Von den Gründervätern vorhergesehene Mängel

Diese Mängel im System wurden von den Unterzeichnern der UN-Charta bereits bei der Konferenz von San Francisco 1945 antizipiert. Vor allem das Vetorecht, das sich die P5 selbst einräumten, provozierte heftigen Widerstand.

Das Vetorecht provozierte von Anfang an heftigen Widerstand

Das damalige geopolitische Kräfteverhältnis machte es den kleineren Ländern jedoch unmöglich, sich über verbalen Widerstand hinaus gegen die Vereinigten Staaten als treibende Kraft der Gründungszeit zu behaupten.
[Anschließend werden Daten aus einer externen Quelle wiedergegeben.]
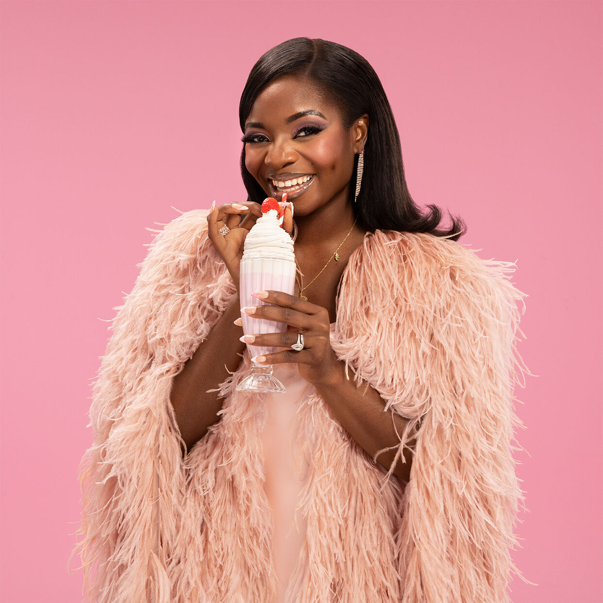“As a gourmand lover, I have always been addicted to sweet and delicious fragrances - especially ones that make me smell like my fav desserts! This is how Yum Pistachio Gelato | 33 was inspired. Our Yum story continues with the addition of Yum Boujee Marshmallow | 81, an incredibly boujee, fluffy and indulgent juice - a sweet treat for your senses! The inspo behind the hero note, pink marshmallow, came shortly after my husband and I got married - he calls me his “marshmallow” because I always smell so sweet and comforting! To make the juice even more tempting, we added fresh strawberries, whipped vanilla cream and light, flaky coconut - making this fragrance one of our most irresistible scents to date!” - Mona Kattan
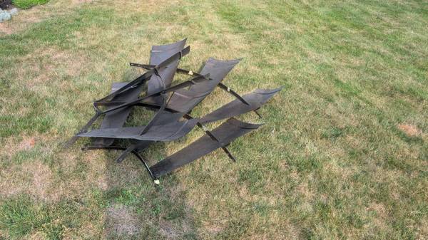 This rebuilt windmill blade is from a local artist who sourced it from an old farm in N. Dakota. It had partially fallen apart, so the artist rebuilt the blades and it's now it as an awesome wall hanging. It could be used in other ways as well. It's made of galvanized iron, over- painted in metalic brown and copper tones, using a faux-metal paint material that added a great deal of depth and color.
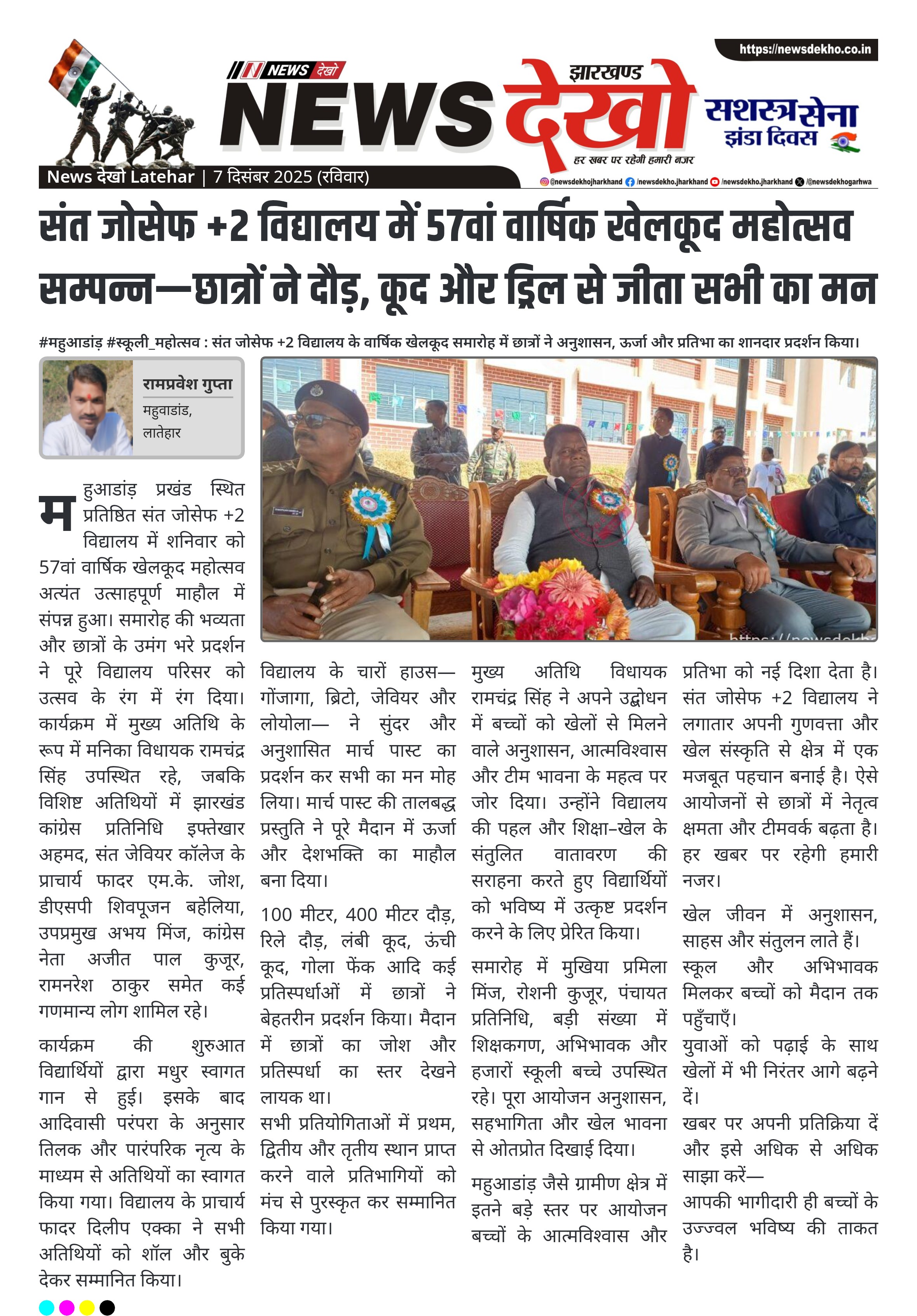 #महुआडांड़ #स्कूली_महोत्सव : संत जोसेफ +2 विद्यालय के वार्षिक खेलकूद समारोह में छात्रों ने अनुशासन, ऊर्जा और प्रतिभा का शानदार प्रदर्शन किया। 57वां वार्षिक खेलकूद महोत्सव उत्साहपूर्वक सम्पन्न। मुख्य अतिथि विधायक रामचंद्र सिंह सहित कई गणमान्य उपस्थित। चारों हाउस का आकर्षक मार्च पास्ट और रंगारंग ड्रिल। 100 मीटर, रिले, लंबी–ऊंची कूद सहित कई स्पर्धाएँ आयोजित। विजेता छात्रों को मंच से पुरस्कृत कर सम्मानित किया गया। महुआडांड़ प्रखंड स्थित प्रतिष्ठित संत जोसेफ +2 विद्यालय में शनिवार को 57वां वार्षिक खेलकूद महोत्सव…
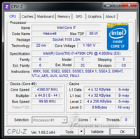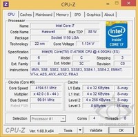 ????泡泡網(wǎng)CPU頻道5月28日?VR-Zone上午公布了Core i7-4790K、Core i5-4690K的首批CPU-Z截圖,證實了它們的型號、規(guī)格,但稍顯遺憾的是,i7-4790K的顯示頻率為4.2GHz,而它其實是可以動態(tài)加速到4.4GHz的。滄者極限剛剛又放出了一張新的截圖,終于實打?qū)嵉卣宫F(xiàn)了“4.4GHz”,外頻還是標準的100MHz,倍頻則是44x。 CPU-Z
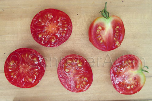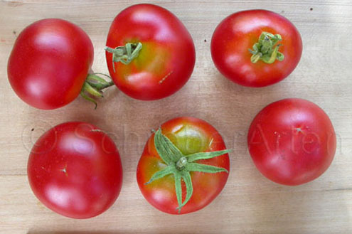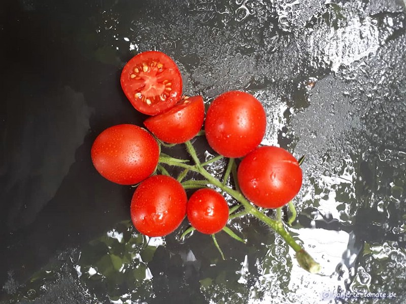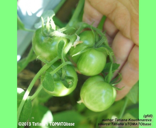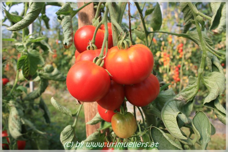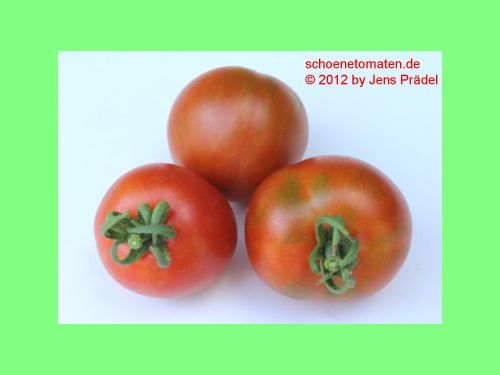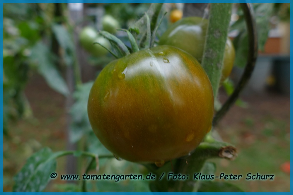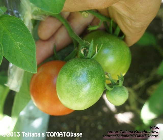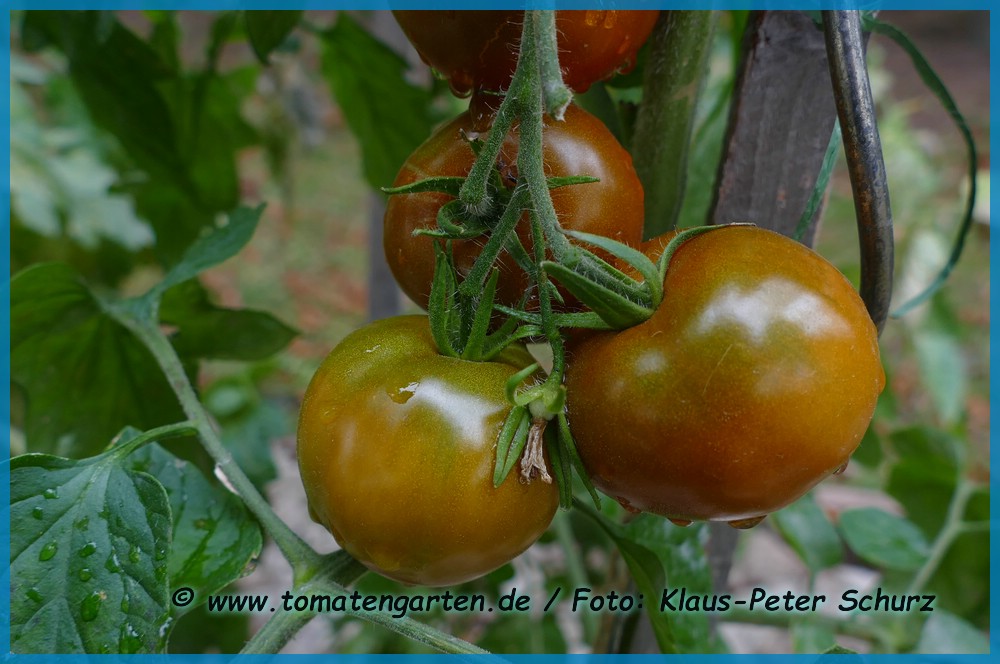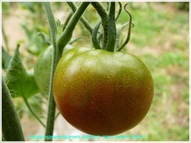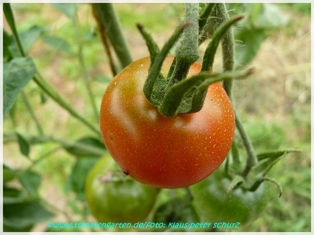 Die Sorte hatte ich 2008 und 2009 im Anbau. Das Saatgut kam in 2008 von Manfred Hahm, in 2009 von tradewindsfruit aus den USA. In beiden Jahren hat die Sorte voll überzeugt. Sie wächst ca. 150-180cm hoch und hat riesengroßes Kartoffellaub. Die kleinen Früchte von der Größe eines Golfballs schmecken süß und gleichzeitig würzig aromatisch. Die Ernte kann bereits Anfang Juli beginnen. Ernte ist reichlich, aber nicht bis zum Frost. Aus meinen Erfahrungen heraus ist die Pflanze eher determinant, auch wenn sie relativ hoch wächst und sich stark verzweigt. Nennt man das semi-determinant??!! Die Pflanze ist sehr robust. Insgesamt eine Anfänger-Tomate, die Neulinge garantiert mit dem Tomaten-Virus infizieren wird.
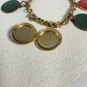 Minor wear on charms from age; locket opens and closes securely. Chain length = 7.5 inches.
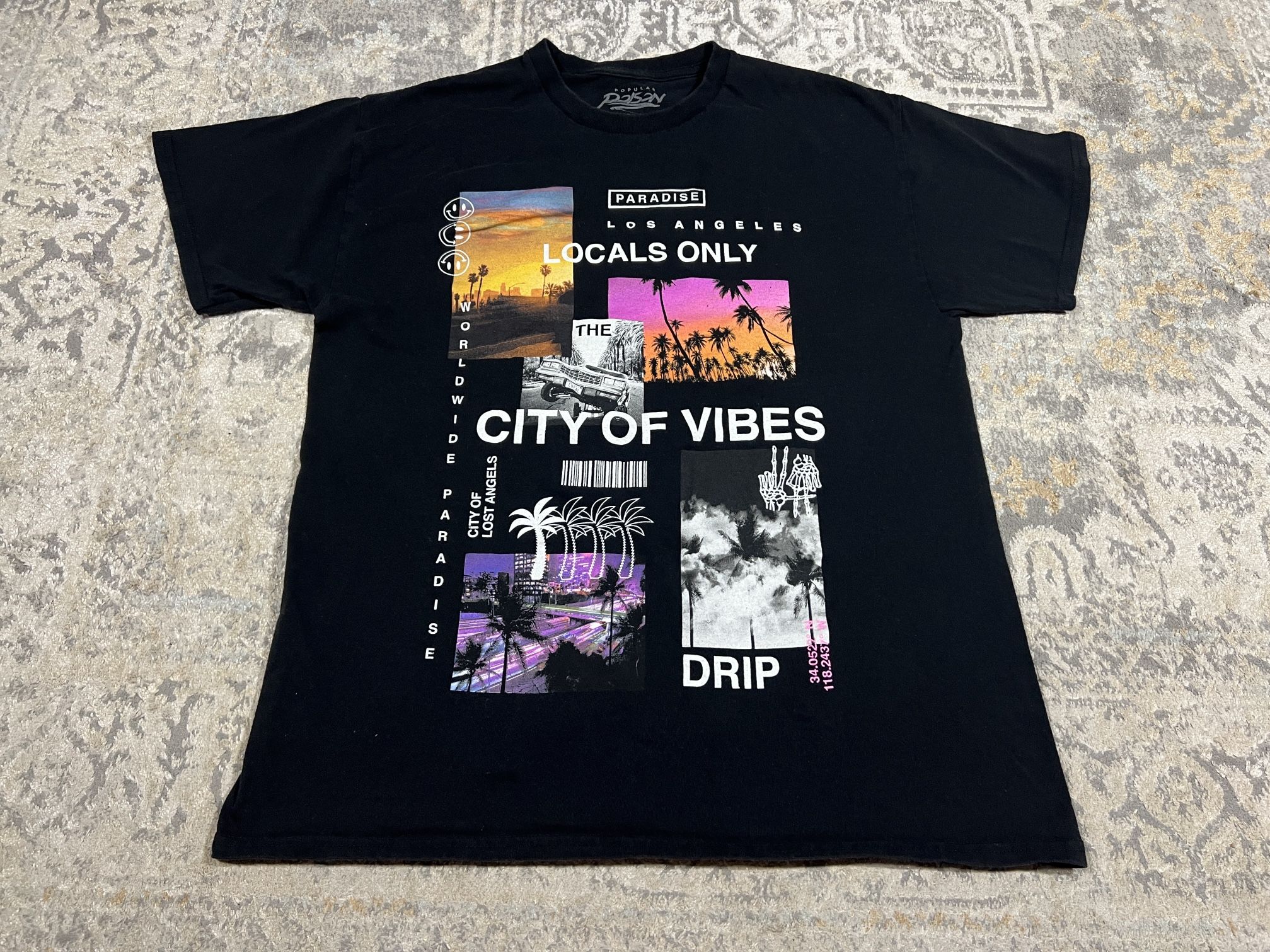 Popular Poison Mens Black T-Shirt City Of Vibes Graphic Print Size L
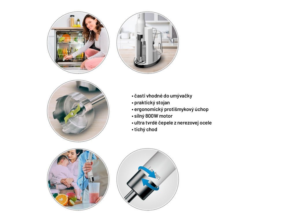 Lauben Stick Blender 800 splní v kuchyni aj tie najnáročnejšie požiadavky. Vďaka motoru s výkonom 800 W a titanovým čepeliam sa nezastaví ani pred tvrdou zeleninou, ktorú potrebujete rozmixovať na hladké pyré. Na výber máte ze 6 rýchlostí a niekoľkých nadstavcov, s ktorými vytvoríte takmer čokoľvek, na čo máte chuť. Od krémových polievok a omáčok až po dokonale vláčnu zemiakovú kašu. Mixér si ale poradí aj s nasekaním orechov do bábovky alebo drtením ľadu do domácich kokteilov. So metlou na šľahanie vykúzlite úplne pevný sneh z bielkov ako mávnutím kúzelnej paličky.
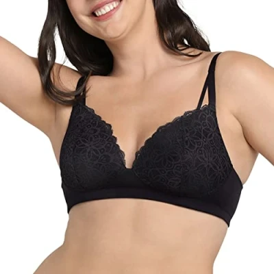 Eco friendly- super soft, recycled polyester and recycled lace. Beautiful double-strap front detail Extended frame - for support No side boning and wireless for all day comfort Ultra flattering intimate solution for every body Soft cups deliver shaping without wires Pretty lace bralette featuring an extended frame to provide support

Deshalb war es den US-Vertretern möglich kritische Stimmen zu beruhigen, indem sie einen Mechanismus zur weiteren Demokratisierung und Reform des Sicherheitsrats zu einem späteren Zeitpunkt anboten.

Ein Vetorecht bei der Änderung des Vetorechts

Dieses Zugeständnis der USA erfolgte in Form der Artikel 108 und 109, welche die Überprüfungsverfahren der Charta betreffen. Während Artikel 108 die notwendigen Schritte für spezifische Änderungen beschreibt, sieht Artikel 109 die Möglichkeit einer Überprüfungskonferenz außerhalb der üblichen Generalversammlungen vor, um eine umfassende “Überprüfung” der Charta zu erreichen. Beide Artikel und die darin beschriebenen Mechanismen zur Reform der UN-Charta fordern, dass eine Zweidrittelmehrheit der UN-Mitgliedstaaten für eine vorgeschlagene Änderung stimmt und diese ratifiziert. Darüber hinaus müssen aber auch alle ständigen Mitglieder des Sicherheitsrates die Änderung ratifizieren, bevor sie in Kraft treten kann. Diese einstimmige Absegnung durch die P5 stellt die größte Herausforderung für eine Änderung der UN-Charta dar, insbesondere wenn das Interesse eines P5-Mitglieds betroffen ist oder die privilegierten Vetorechte der P5 selbst limitiert  oder aufgehoben werden sollen.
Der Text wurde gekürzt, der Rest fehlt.